Excerpted data START
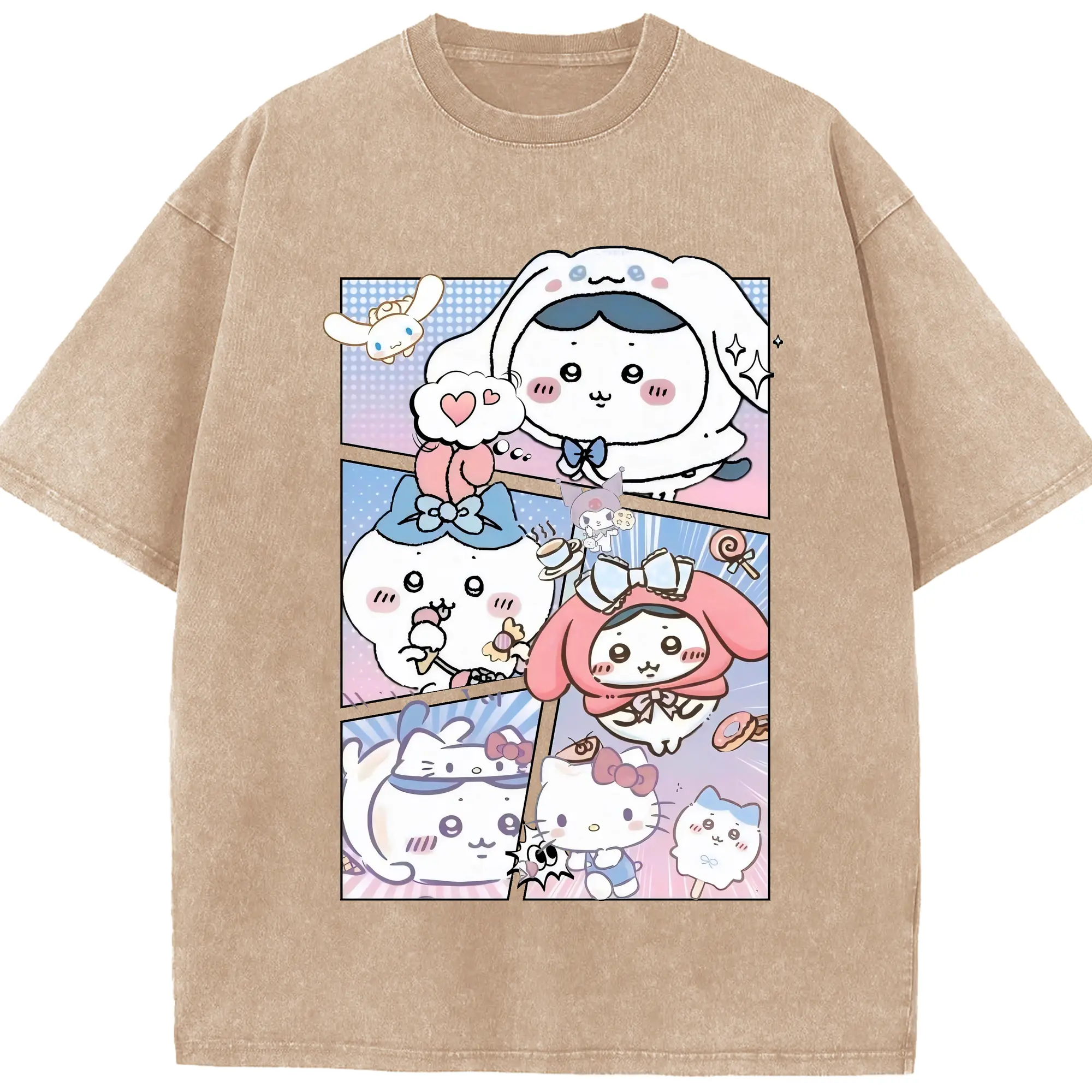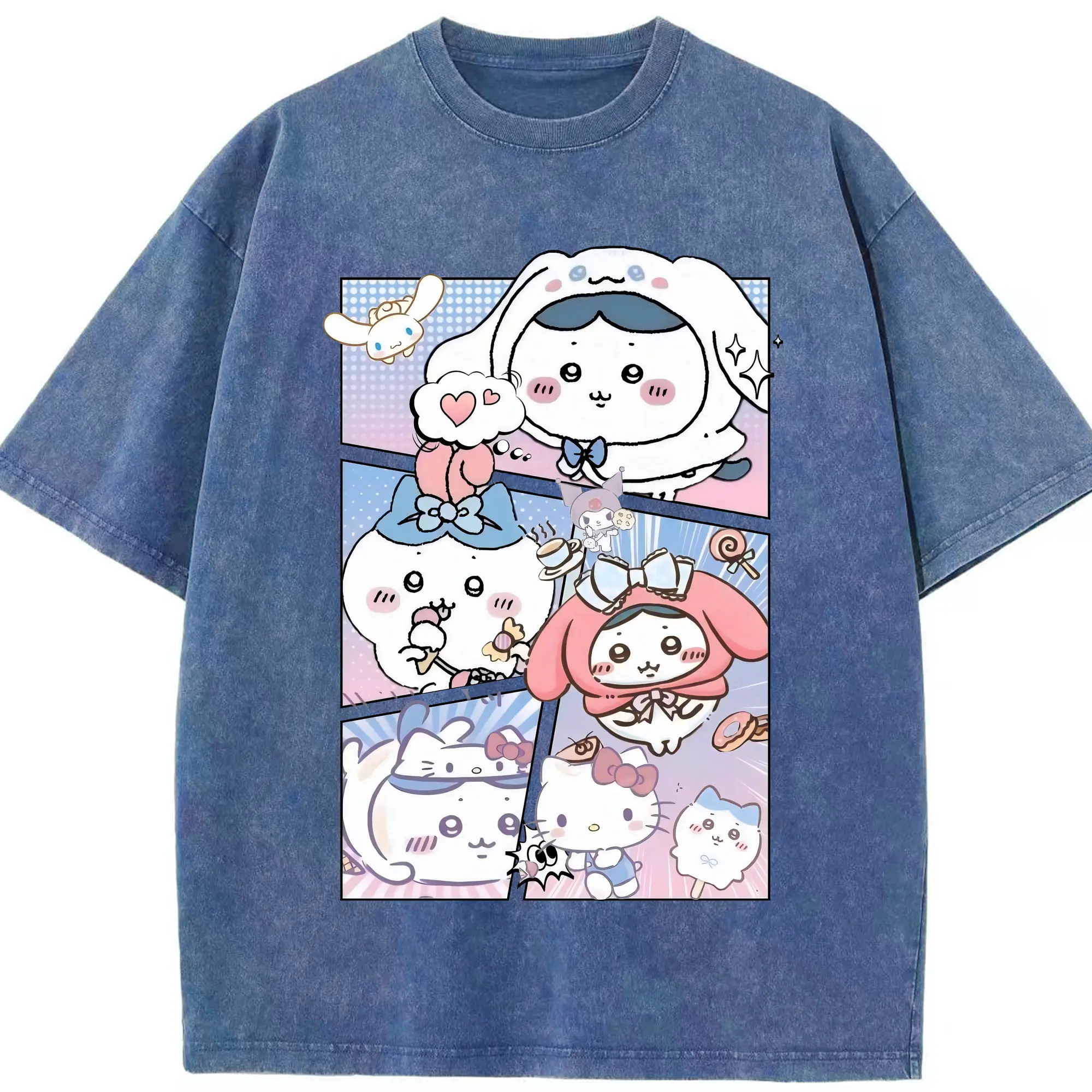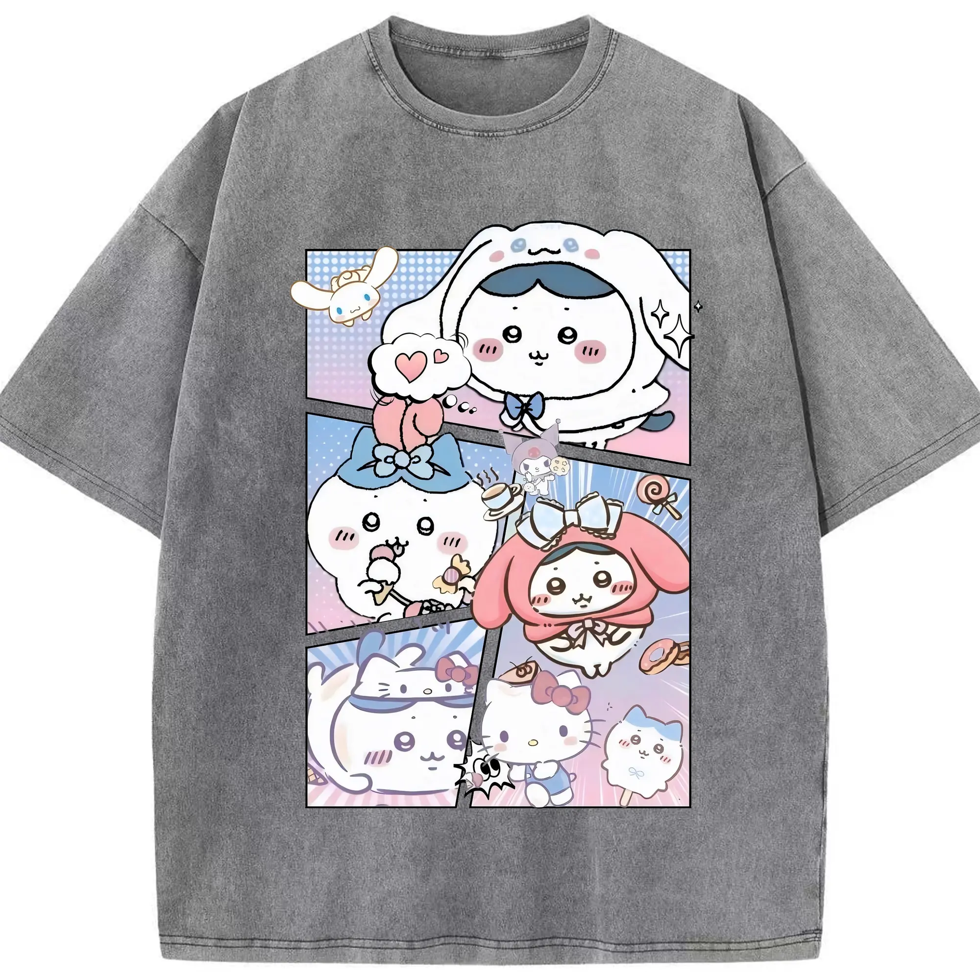 ちい が わ グッズ ハチワレ - 綿100% ヴィンテージ風 半袖Tシャツ ・ 背面プリント ・ 柔らか肌触り ・ 通気性 快適 ・ スポーツ カジュアル 外出用
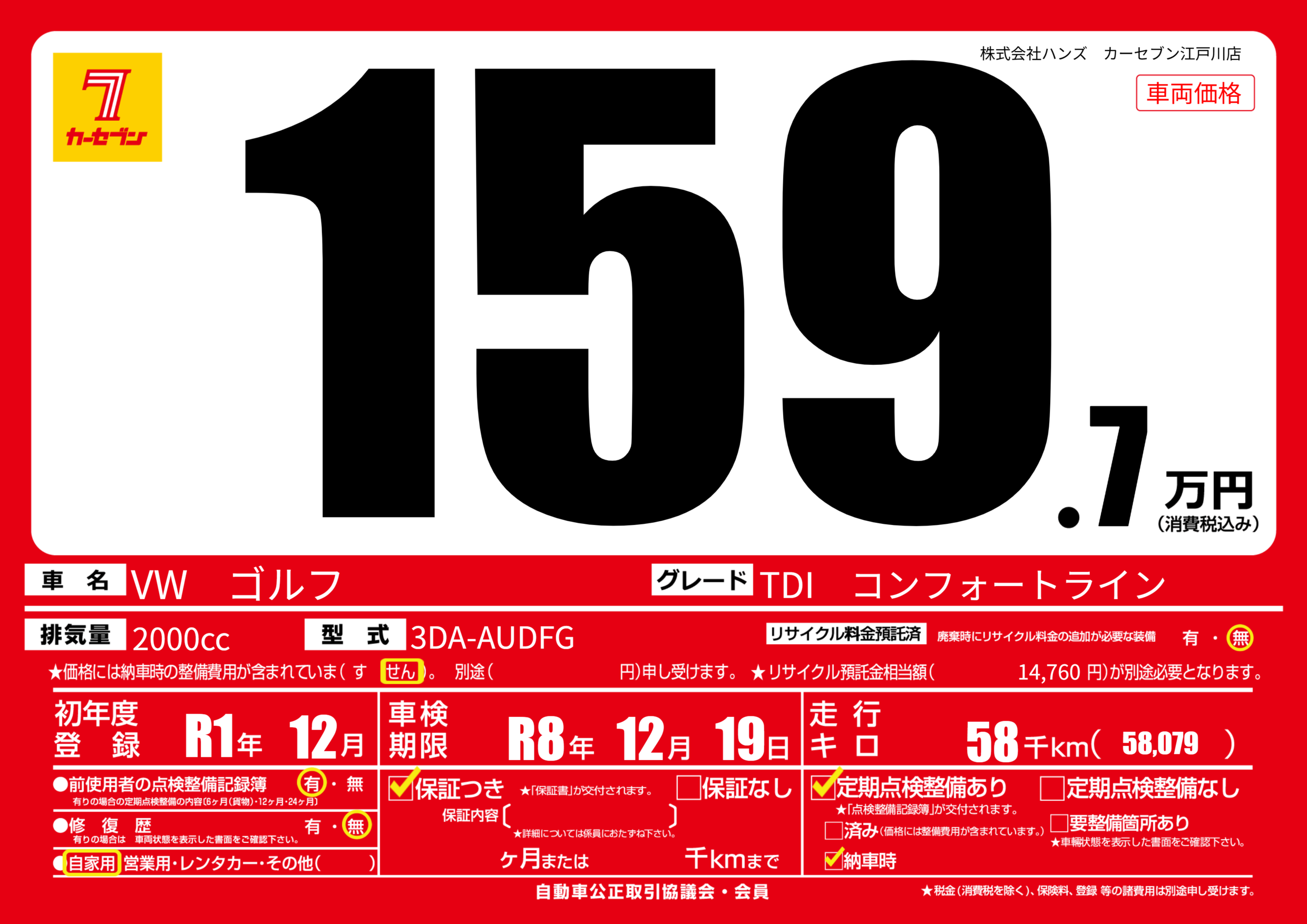 | 車名 | VW ゴルフ | グレード ミッション 排気量 |
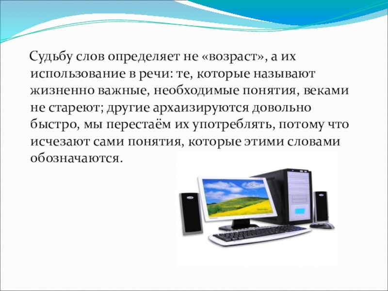 Слайд 7 Судьбу слов определяет не «возраст», а их использование в
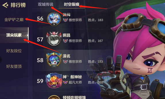 玩家首先打开金铲铲之战的游戏,接着点击左上角的小图标,然后点击排行榜,最后即可查看,排名分为双城之战和时空裂缝,同样这两个模式也分为金铲铲之巅和顶尖玩家两个板块.
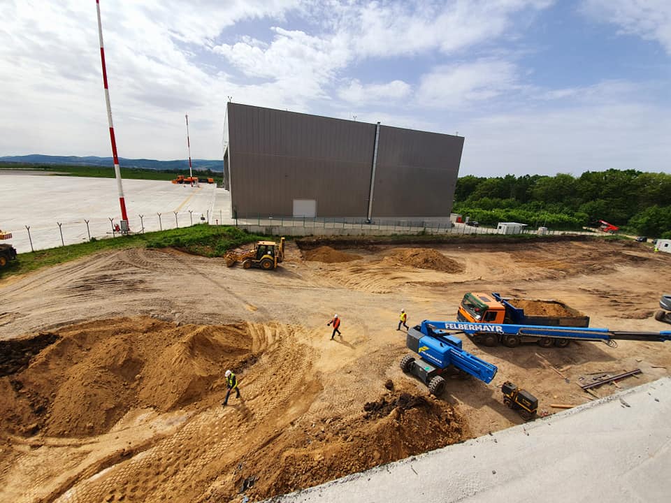 La acest moment se amenajează platforma de staționare a aeronavelor, unde vor fi realizate viitoarele aviobridge-uri.
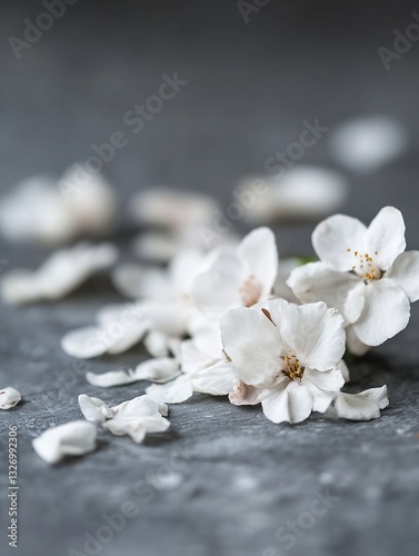 © Generative AI, Fototapeta premium Delicate and Beautiful White Flower Petals Lying on a Gray Stone Surface : Generative AI
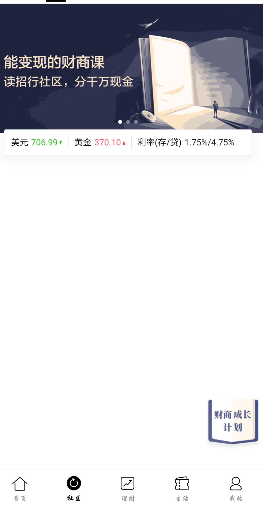 招行app -社区-财商分现金。记得提现。
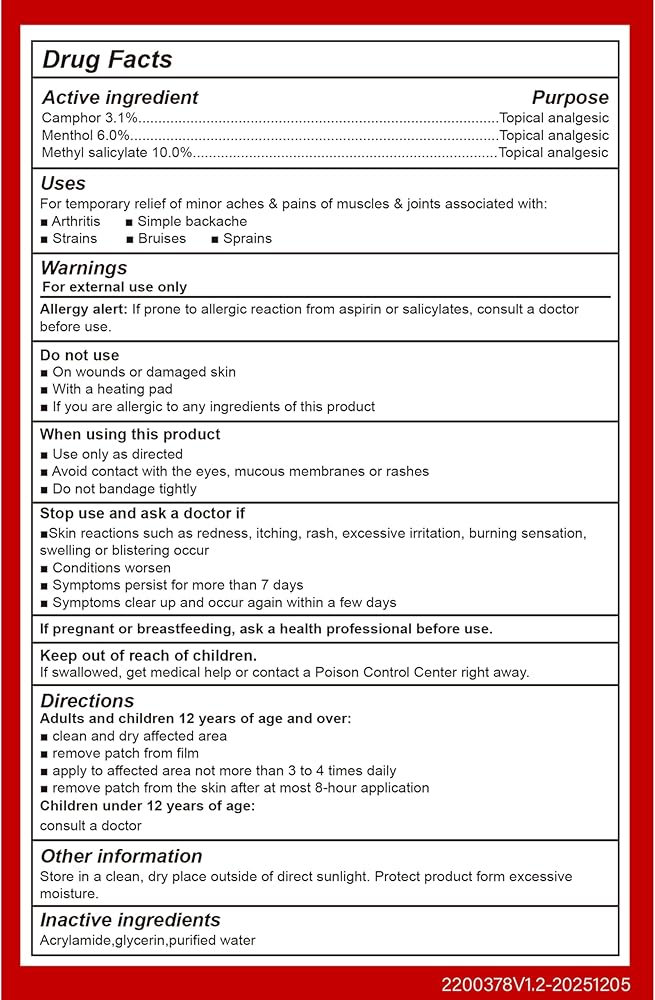 【تخفف الألم بشكل فعال】 تحتوي رقع الألم هذه على 3 مسكنات قوية للألم تعمل في موقع الألم؛ تشمل المسكنات الكافور والمنثول وساليسيلات الميثيل.
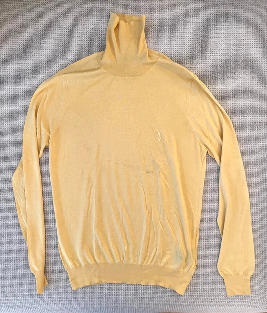 Philipp Plein Billionaire Turtleneck Men's Large 100% Silk Mulberry Yellow Gold.
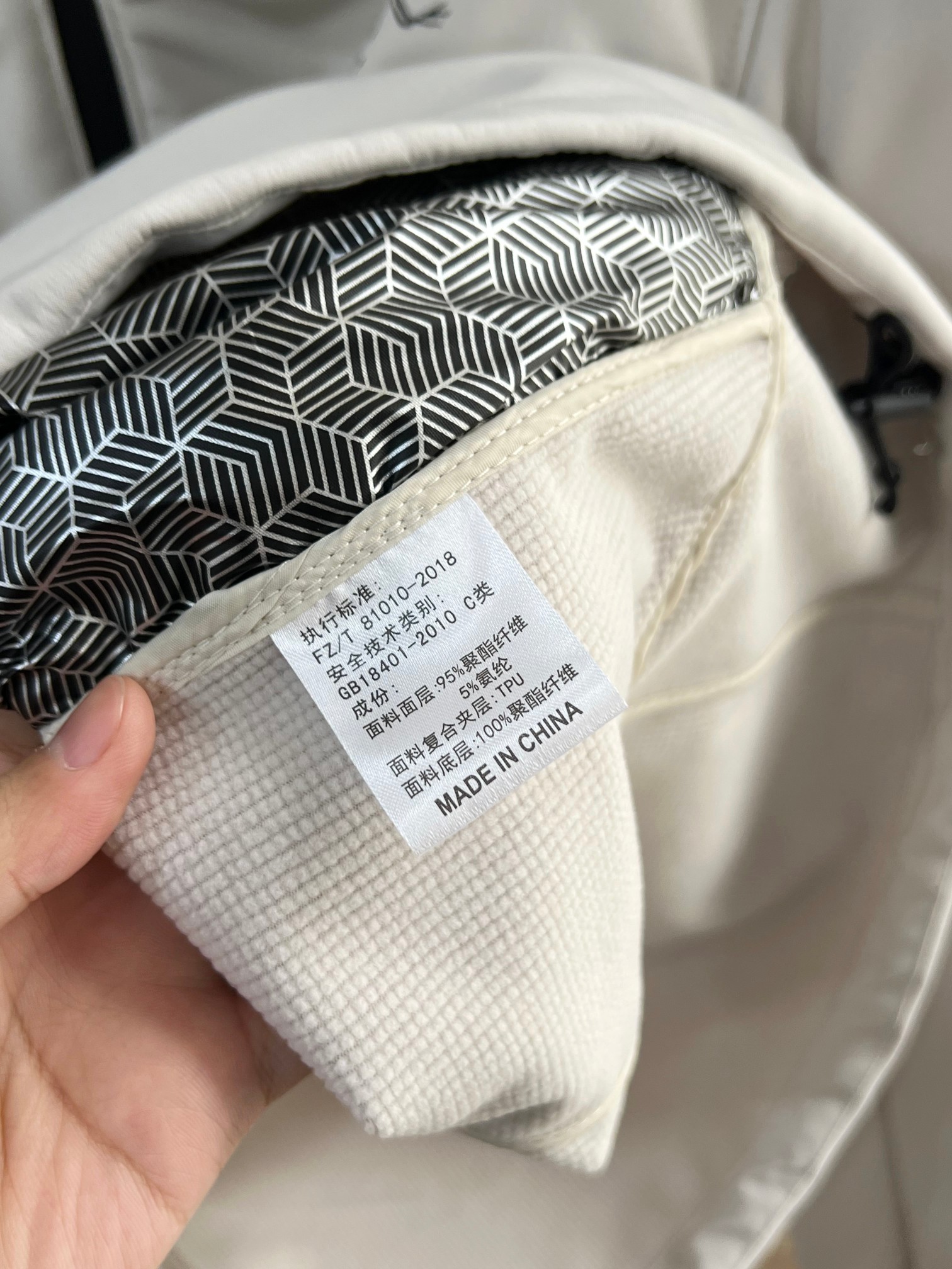 这款衣服是AAAAA 1:1 质量 (非常棒). 使用了和原版一模一样的材料. 商标部分也保持了和ARC'TERYX一样. 图片拍摄是实物衣服拍摄, 您所收到的实物保证和我们图片一模一样.
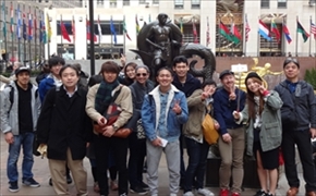 NY市立大学ラガーディア校を訪問し、国際交流ワークショップに参加しました。ここでは、日本語を学ぶアメリカ人学生とともに絵手紙実践を通じて直接交流を図ることができ、さらに一緒に市内観光も楽しみました。また、JETRO事務所や国連日本政府代表部を訪問し、現地で活躍する邦人職員による講話を通じて海外勤務の意義や尊さを知りつつ、アメリカ経済・社会の実態や国際社会での国連の役割等を学修しました。
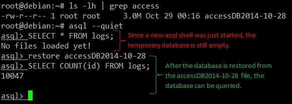 当 asql 完成对 access 日志的加载后,我们就可以开始数据库查询了。注意一下,加载后生成的数据库是 “temporary” (临时)的,意思就是数据库会在你退出 asql 的时候被清除。如果你想要保留数据库,你必须先将其保存为一个文件。我们会在后面介绍如何这么做(参考 example 3 和 4)。
Excerpted data END
## Problem requirements
From the first line of the entries above down to the line holding "玩家首先打开金铲铲之战的游戏", quote each line exactly and nothing else, skipping pictures.

## Exercise answer
 ちい が わ グッズ ハチワレ - 綿100% ヴィンテージ風 半袖Tシャツ ・ 背面プリント ・ 柔らか肌触り ・ 通気性 快適 ・ スポーツ カジュアル 外出用
 | 車名 | VW ゴルフ | グレード ミッション 排気量 |
 Слайд 7 Судьбу слов определяет не «возраст», а их использование в
 玩家首先打开金铲铲之战的游戏,接着点击左上角的小图标,然后点击排行榜,最后即可查看,排名分为双城之战和时空裂缝,同样这两个模式也分为金铲铲之巅和顶尖玩家两个板块.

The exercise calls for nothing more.